Synthetic observations of internal gravity waves in the solar atmosphere (1912.06435v1)

Abstract: We study the properties of internal gravity waves (IGWs) detected in synthetic observations that are obtained from realistic numerical simulation of the solar atmosphere. We used four different simulations of the solar magneto-convection performed using the CO5BOLD code. A magnetic-field-free model and three magnetic models were simulated. The latter three models start with an initial vertical, homogeneous field of 10, 50, and 100 G magnetic flux density, representing different regions of the quiet solar surface. We used the NICOLE code to compute synthetic spectral maps from all the simulated models for the two magnetically insensitive neutral iron lines Fe I 5434 {\AA} and 5576 {\AA}. We find the signatures of the internal gravity waves in the synthetic spectra to be consistent with observations of the real Sun.

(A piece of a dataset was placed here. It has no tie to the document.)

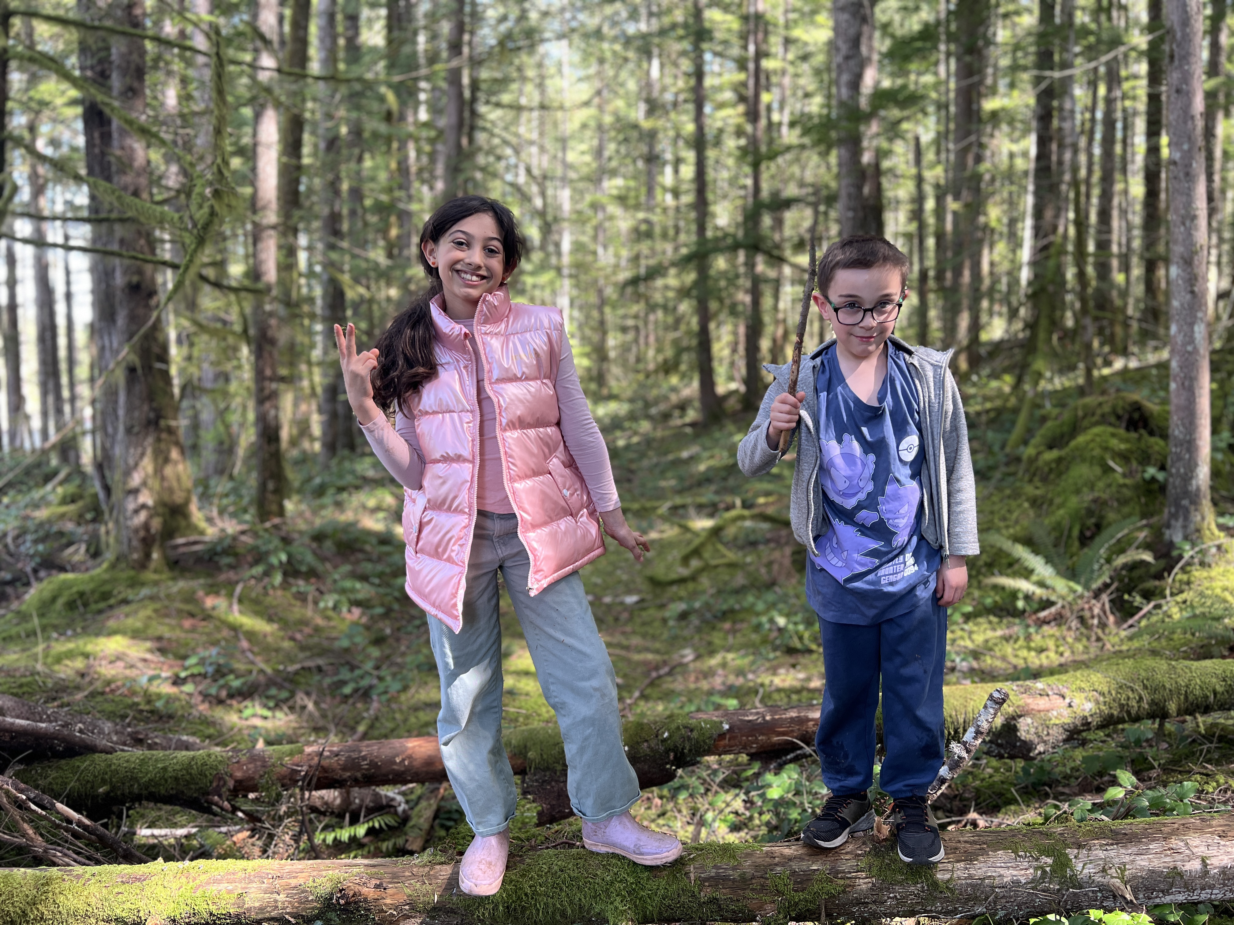 We found this massive fallen tree covered in moss and obviously we HAD to climb on it. Lux found a stick and was pretending to be a wizard and I was giving my signature peace sign. The forest was so magical — there were giant old cedar trees that are like hundreds of years old and their trunks were SO wide I could hide behind them!!

The phase differences obtained using the spectral lines are significantly different from the phase differences in the simulation. The phase coherency between two atmospheric layers in the gravity wave regime is height dependent and is seen to decrease with the travel distance between the observed layers. We conclude that the energy flux of IGWs determined from the phase difference analysis may be overestimated by an order of magnitude. Spectral lines that are weak and less temperature sensitive may be better suited to detecting internal waves and accurately determining their energy flux in the solar atmosphere.